=== Begin Enclosure ===

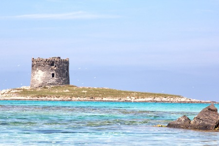 Ancient watchtower on small Island close to La Pelosa in Stintino on Sardinia island in Italy
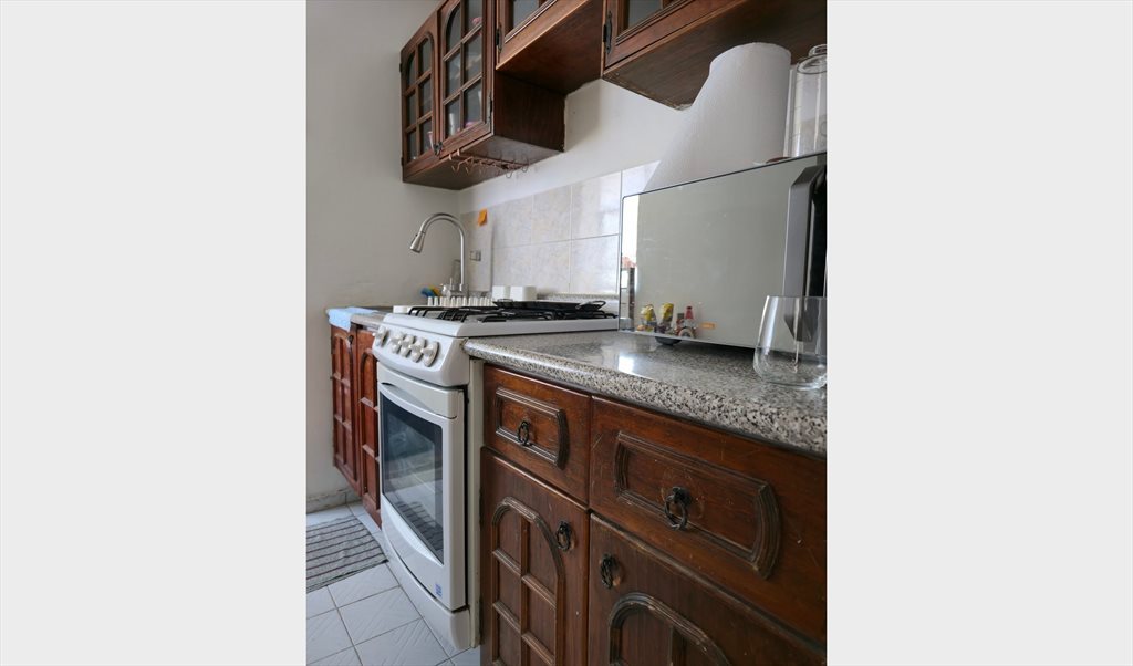 El departamento es pequeño pero cuenta con un baño, sala, comedor, cuarto de lavado con lavasecadora y cocina equipada con todo lo necesario: microondas, refrigerador, licuadora y estufa con horno.
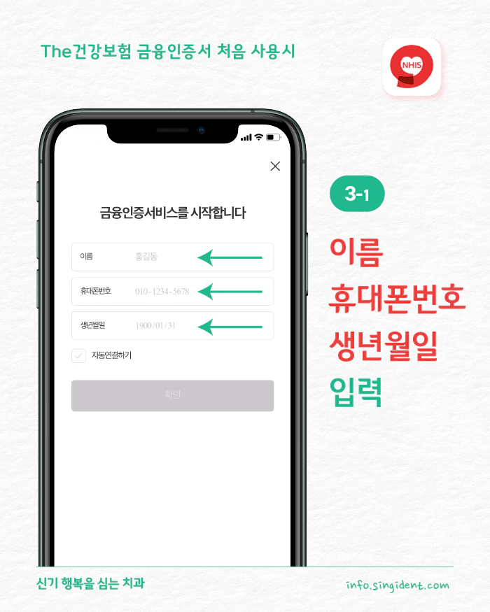 첫방문시 3-1. 이름, 휴대폰번호, 생년월일 입력
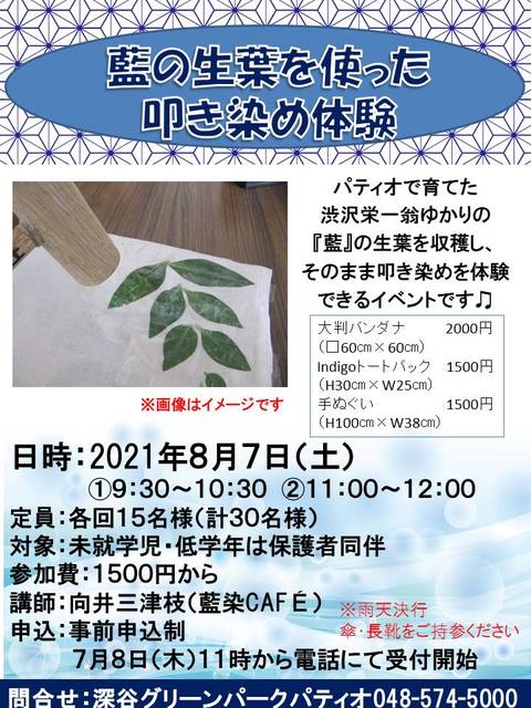 渋沢栄一翁ゆかり!パティオ産の藍の生葉を使った叩き染め体験を開催します!
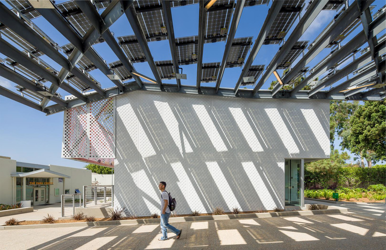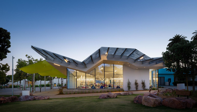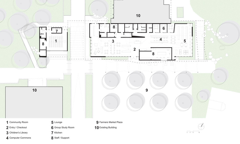 Located in the center of Virginia Avenue Park, the library is surrounded by low income apartment residents to the north and single family households to the south. The interactive design process quickly revealed the community desire to maintain all green space and favored locating the library at the edge of the Saturday Farmer’s Market Plaza. The active face of the library replaces the blank face of an existing building and bumps into the market with a resonance that energized the community, and around which, librarians developed programs about food and health. Constrained to the east by the playing field the building jumps the fire lane to the west to include a needed community room. The move, initiated by necessity, leverages opportunities: the community room and small amphitheater forge a link to the Park Center while the photovoltaic canopy that spans the fire lane enhances the pedestrian quality of this important north/south path that connects indoor programs and neighborhoods.
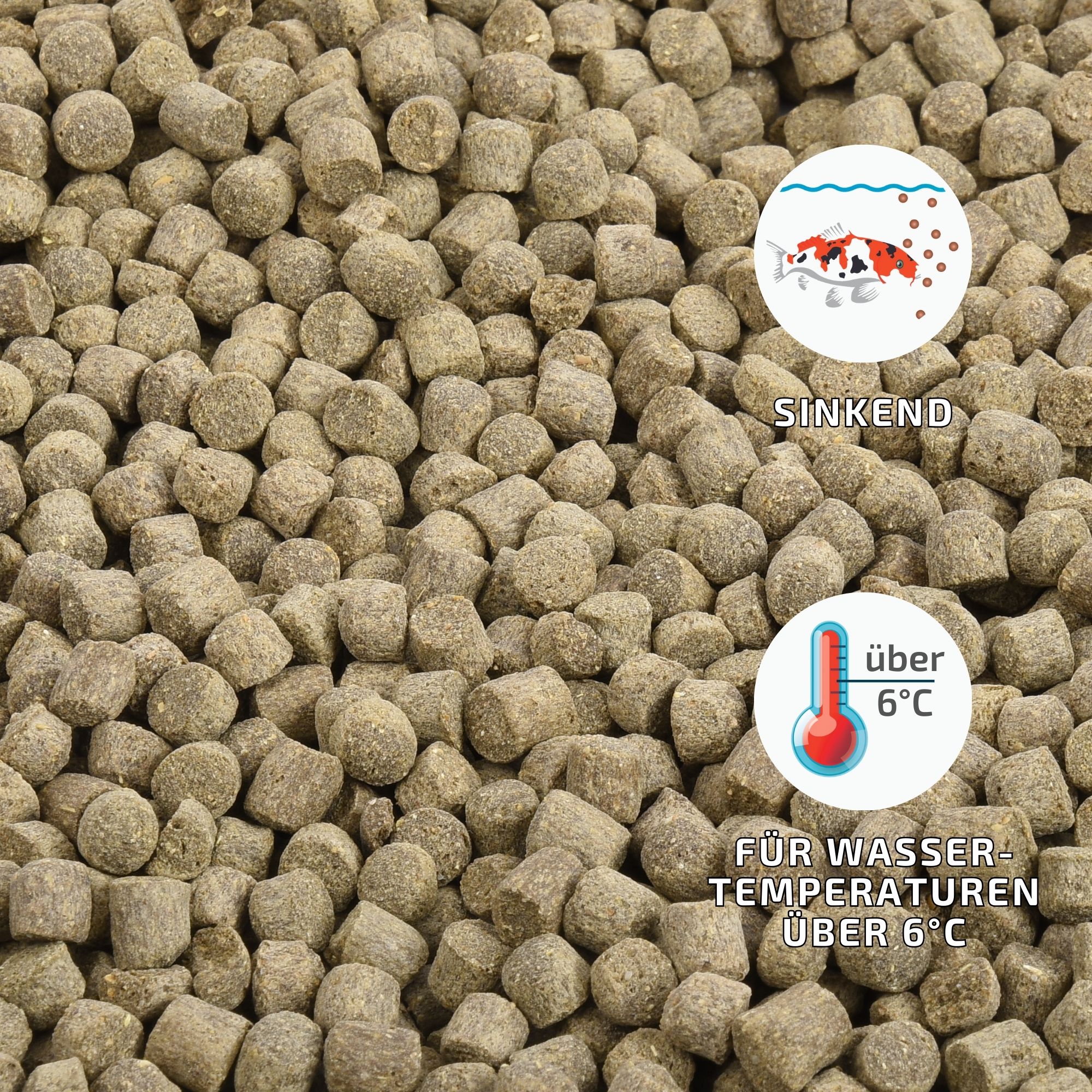 Wenn Sie dieses Futter mit Energie Plus auffetten, dann können Sie es bis zu einer Wassertemperatur von 6°C füttern.

=== End Enclosure ===

#### PROBLEM TO SOLVE:
Go through the entries above and output them exactly, without pictures.

#### WRITTEN ANSWER:
 Ancient watchtower on small Island close to La Pelosa in Stintino on Sardinia island in Italy
 El departamento es pequeño pero cuenta con un baño, sala, comedor, cuarto de lavado con lavasecadora y cocina equipada con todo lo necesario: microondas, refrigerador, licuadora y estufa con horno.
 첫방문시 3-1. 이름, 휴대폰번호, 생년월일 입력
 渋沢栄一翁ゆかり!パティオ産の藍の生葉を使った叩き染め体験を開催します!
 Located in the center of Virginia Avenue Park, the library is surrounded by low income apartment residents to the north and single family households to the south. The interactive design process quickly revealed the community desire to maintain all green space and favored locating the library at the edge of the Saturday Farmer’s Market Plaza. The active face of the library replaces the blank face of an existing building and bumps into the market with a resonance that energized the community, and around which, librarians developed programs about food and health. Constrained to the east by the playing field the building jumps the fire lane to the west to include a needed community room. The move, initiated by necessity, leverages opportunities: the community room and small amphitheater forge a link to the Park Center while the photovoltaic canopy that spans the fire lane enhances the pedestrian quality of this important north/south path that connects indoor programs and neighborhoods.
 Wenn Sie dieses Futter mit Energie Plus auffetten, dann können Sie es bis zu einer Wassertemperatur von 6°C füttern.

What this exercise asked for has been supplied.